The combustion of solid fuels in the automatic boiler burner is a very difficult process, both because of the heterogeneity of the fuel in terms of physical properties e.g. particle size and the variability of physico-chemical parameters relevant for combustion processes.

Coal fuel is particularly difficult, whose properties depend not only on the source - the mine, but even the bed from which it is extracted. The process of fuel combustion of coal in automated boilers is a stochastic process.

In the known solutions of automatic boilers for solid fuel, fuel dosage, and thus the combustion, is regarded as a continuous process. This means that the feeder works in a regular and repetitive and stationary cycles, and the change in power is held solely by changing the proportion of working time and the stop of the feeder, which in any case does not affect the regularity of repetitions.

A disadvantage of the approach to the fuel delivery as a continuous process - and thus the combustion - are huge problems with the draw ratio of fuel and air due to the combustion process, stochastic processes, and that dosages are fed in close time spaces from each other and it is not possible to assess whether the previous dose has been combusted. Significant lengthening the time between supplies always has to involve achieving adequate power of the boiler, with a significant increase in the duration of dosing which causes a momentary loss of incomplete combustion in the form of visible smoke.

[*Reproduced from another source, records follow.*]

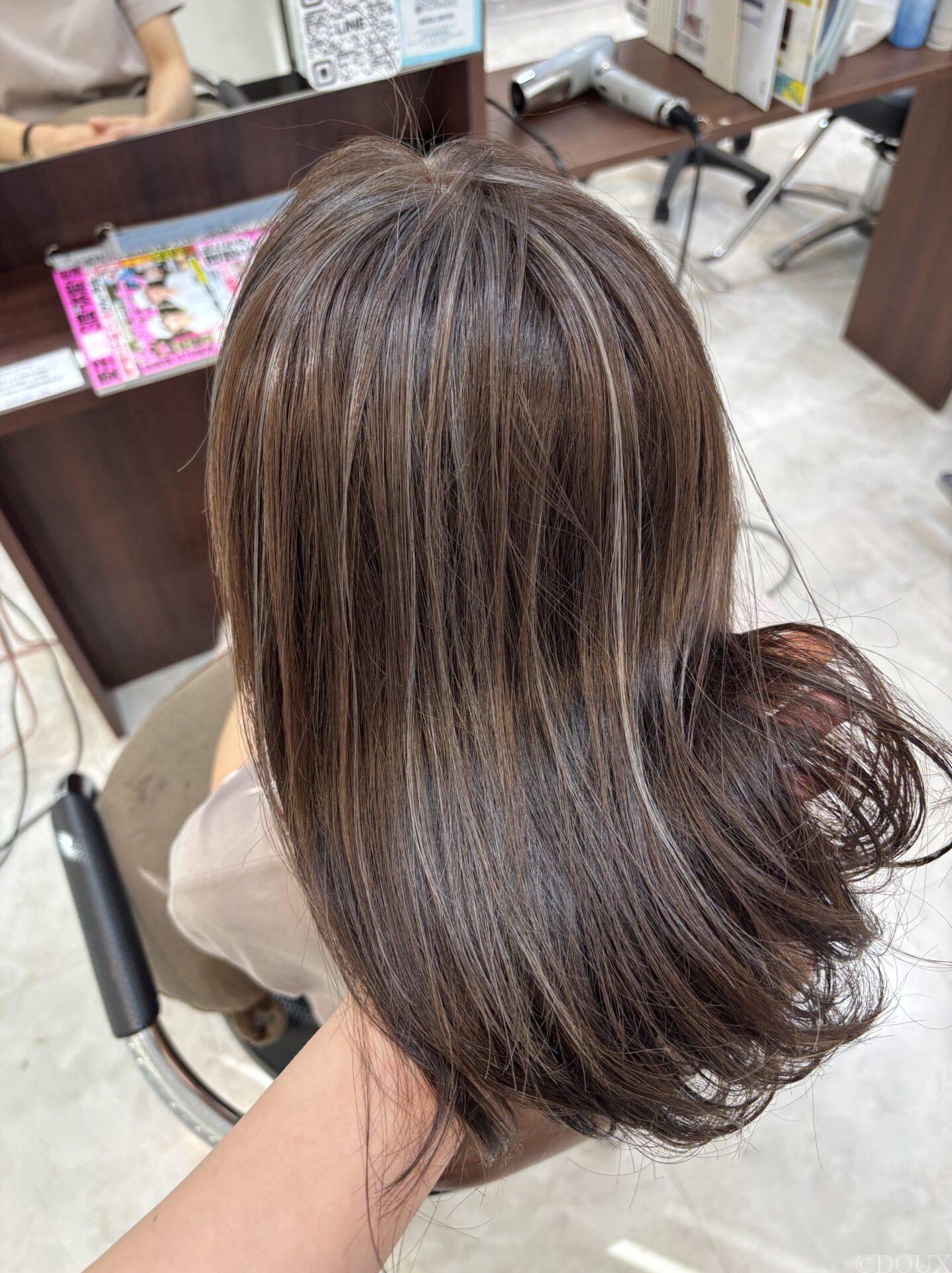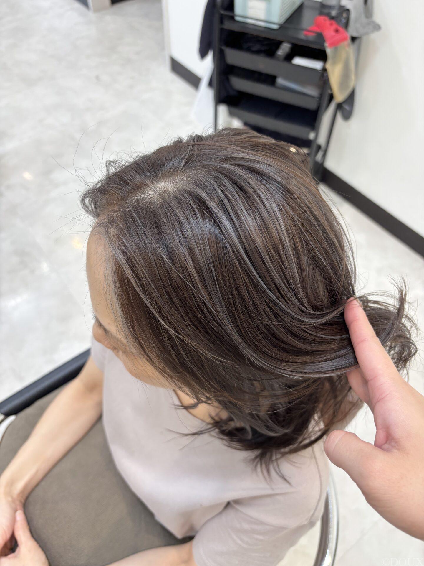 細く太く入れ分けたハイライトで白髪が伸びても気になりにくく、おしゃれにお悩み解決できるデザインをぜひ試しください♪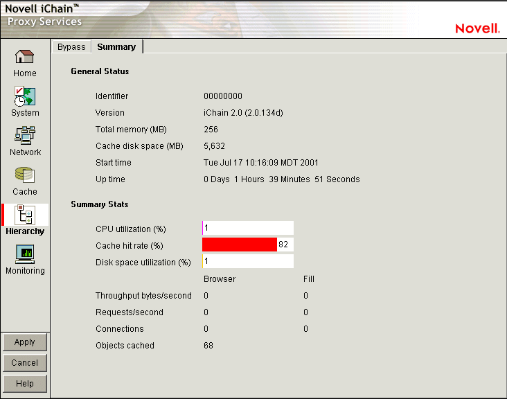 Cache Disk Space (MB): Total disk space available for caching. The amount shown is smaller than the total appliance disk space because it doesn't include the operating system and log partitions. Check this field to verify whether the proxy server has detected all disks installed on the appliance.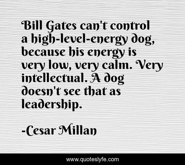 This page presents the quote "Bill Gates can't control a high-level-energy dog, because his energy is very low, very calm. Very intellectual. A dog doesn't see that as leadership.". Author of this quote is Cesar Millan. This quote is about control, dog, calm,.

As a result of combustion in the automatic fuel boiler it has been surprisingly found that the approach to the process of dosage consumption - and thereby combustion - as a pulse (discrete) process allows to assess whether the previous dose has been combusted.

Changing the dosage of fuel treatment process - and thereby combustion - not only as a continuous but pulse process is a revolutionary change.

Implementation of the new control method is to group repeating cycles of feeding and short stops of the feeder, followed by a long pause allowing the combustion of fuel supplied earlier, and the combustible moment is determined on the basis of the analysis of trends in the exhaust gas temperature.

Histogram is one of the graphical ways of presenting the empirical distribution characteristics. It consists of a series of rectangles positioned on the axis of coordinates. These boxes are, on the one hand determined by the class intervals (see Distribution row) of value characteristics, while their height is determined by the numbers.

In our case, the X axis groups downtimes of the feeder with a resolution of 10 sec. The higher the bar, the more times there was a downtime. On the left side of the histogram we have shorter downtimes and on the right side, longer.

Downtimes are dependent on the intensity of the blower - the higher the blower speed - the combustion process is faster, the lower the blower speed - the combustion process is slower.

Downtime may be too short - too intense burning (left histogram) and too long - too slow combustion (right side of the histogram). Distribution of the bars in the histogram documents the algorithm of the combustion group. If high bars are at the right side of the histogram, this shows that the algorithm does not detect combustible fuel at the assumed time - it proves too little airflow.

The information is to help you set the blower power in the group combustion process.